Autoresearch for SAT Solvers (github.com)
167 points by chaisan 16 days ago | 32 comments



stefanpie 16 days ago | flag as AI [–]

Prof. Cunxi Yu and his students at UMD is working on this exact topic and published a paper on agents for improving SAT solvers [1].

I believe they are extending this idea to EDA / chip design tools and algorithms which are also computationally challenging to solve. They have an accepted paper on this for logic synthesis which will come out soon.

[1] "Autonomous Code Evolution Meets NP-Completeness", https://arxiv.org/abs/2509.07367


It should be noted that MaxSAT 2024 did not include z3, as with many competitions. It’s possible (I’d argue likely) that the agent picked up on techniques from Z3 or some other non-competing solver, rather than actually discovering some novel approach.

One problem here is it's very easy to overtune to a past problem set -- even accidentally. You can often significantly improve performance just by changing your random number generator seed until you happen to pick the right assignment for the first few variables of some of the harder problems.

It would be interesting to take the resulting solver and apply it to an unknown data set.


Very interesting. For me the key question is whether this kind of agent can generalize to real SAT application domains, not only benchmark instances. In problems like timetabling, encoding choices, auxiliary variables, and branching strategy can matter a lot. If it can help there too, this is a very meaningful direction.
MrToadMan 16 days ago | flag as AI [–]

Not as many changes to the files under library as I expected to see. Most changes seemed to be under a single ‘add stuff’ commit. If some of the solvers are randomised, then repeatedly running and recording best solution found will continually improve over time and give the illusion of the agent making algorithmic advancements, won’t it?
whatever1 15 days ago | flag as AI [–]

I don't understand why autoresearch is presented as a new thing.

It is parameter tuning. We have been doing it for centuries.

chaisan 15 days ago | flag as AI [–]

sure. in the limit, everything is parameter tuning. with large enough NP-hard problems, the complexity of the search space is big enough that its infeasible to get to a better state by just tuning params in any reasonable amount of time.
toddvik 15 days ago | flag as AI [–]

The framing matters though. When you apply learned heuristics across solver configurations automatically, convergence behavior changes in ways that pure manual tuning rarely achieves.

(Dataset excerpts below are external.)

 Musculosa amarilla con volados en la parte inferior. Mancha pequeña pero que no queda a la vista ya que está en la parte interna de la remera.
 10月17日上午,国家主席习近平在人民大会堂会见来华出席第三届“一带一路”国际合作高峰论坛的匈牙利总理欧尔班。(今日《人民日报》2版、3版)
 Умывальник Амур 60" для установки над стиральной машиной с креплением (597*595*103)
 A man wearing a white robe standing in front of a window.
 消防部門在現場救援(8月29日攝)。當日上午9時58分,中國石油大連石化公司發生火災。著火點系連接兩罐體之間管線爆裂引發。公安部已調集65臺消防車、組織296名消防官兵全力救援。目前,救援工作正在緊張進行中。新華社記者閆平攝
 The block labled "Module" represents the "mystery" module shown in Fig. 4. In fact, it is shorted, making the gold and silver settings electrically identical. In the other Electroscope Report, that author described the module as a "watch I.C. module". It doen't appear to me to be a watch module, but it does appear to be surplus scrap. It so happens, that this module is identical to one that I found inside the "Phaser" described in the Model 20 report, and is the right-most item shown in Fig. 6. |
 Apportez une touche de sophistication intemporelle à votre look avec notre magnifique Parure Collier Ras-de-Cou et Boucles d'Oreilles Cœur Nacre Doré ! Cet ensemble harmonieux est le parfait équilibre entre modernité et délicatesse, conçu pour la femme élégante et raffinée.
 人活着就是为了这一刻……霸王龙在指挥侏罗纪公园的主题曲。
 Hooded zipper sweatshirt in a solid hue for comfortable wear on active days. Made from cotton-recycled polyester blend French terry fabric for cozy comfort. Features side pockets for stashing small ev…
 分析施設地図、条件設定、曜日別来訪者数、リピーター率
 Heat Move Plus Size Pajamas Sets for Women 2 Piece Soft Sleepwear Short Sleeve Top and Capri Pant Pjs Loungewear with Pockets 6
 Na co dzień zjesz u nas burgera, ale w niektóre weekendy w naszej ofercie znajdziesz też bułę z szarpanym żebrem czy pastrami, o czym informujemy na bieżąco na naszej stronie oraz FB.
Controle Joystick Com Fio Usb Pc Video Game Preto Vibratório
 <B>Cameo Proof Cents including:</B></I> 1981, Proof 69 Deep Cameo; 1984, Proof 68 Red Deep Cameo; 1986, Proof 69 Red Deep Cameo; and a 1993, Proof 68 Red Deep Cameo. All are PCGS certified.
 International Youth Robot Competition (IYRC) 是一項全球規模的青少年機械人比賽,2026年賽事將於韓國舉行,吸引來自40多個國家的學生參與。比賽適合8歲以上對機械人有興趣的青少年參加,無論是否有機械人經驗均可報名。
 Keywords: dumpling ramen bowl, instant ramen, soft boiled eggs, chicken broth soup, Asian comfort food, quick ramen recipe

Ran this on 3-SAT benchmarks and the difference was measurable.
ktimespi 16 days ago | flag as AI [–]

sounds like AlphaDev [1] might be a better approach for a problem like this.

[1] https://github.com/google-deepmind/alphadev

chaisan 16 days ago | flag as AI [–]

somewhat
klynch 16 days ago | flag as AI [–]

Somewhat how? AlphaDev finds fixed small programs via RL. SAT solver performance is heavily instance-distribution-dependent — unclear that RL handles that generalization without massive retraining per domain.
gsnedders 16 days ago | flag as AI [–]

What counts as “our cost”? How long it takes to find the MaxSAT?
vertex 16 days ago | flag as AI [–]

To be pedantic: I think "cost" here refers to the objective function value, not just search time. But yes, minimizing total weight of unsatisfied clauses is the standard MaxSAT framing.
chaisan 16 days ago | flag as AI [–]

the sum of the weights of the unsatistied clauses. we want to reduce this number
falcon50 16 days ago | flag as AI [–]

So minimizing that sum is basically the fitness function for the whole search process -- makes the optimization framing click for me. Does the solver handle varying clause weights gracefully or do outliers dominate?
cerved 16 days ago | flag as AI [–]

Would me be nice to try this on lcg (CP-SAT) solvers
tchen 16 days ago | flag as AI [–]

Neat until the solver times out on a production instance at 2am and you're debugging why the agent "improved" it last Tuesday.
chaisan 15 days ago | flag as AI [–]

nice. for which problem?
chaisan 16 days ago | flag as AI [–]

wrt. token usage?
chaisan 16 days ago | flag as AI [–]

its just comparing the cost of the best solution found to the best known cost we had before. O(N). why optimistic?
chaisan 15 days ago | flag as AI [–]

have examples?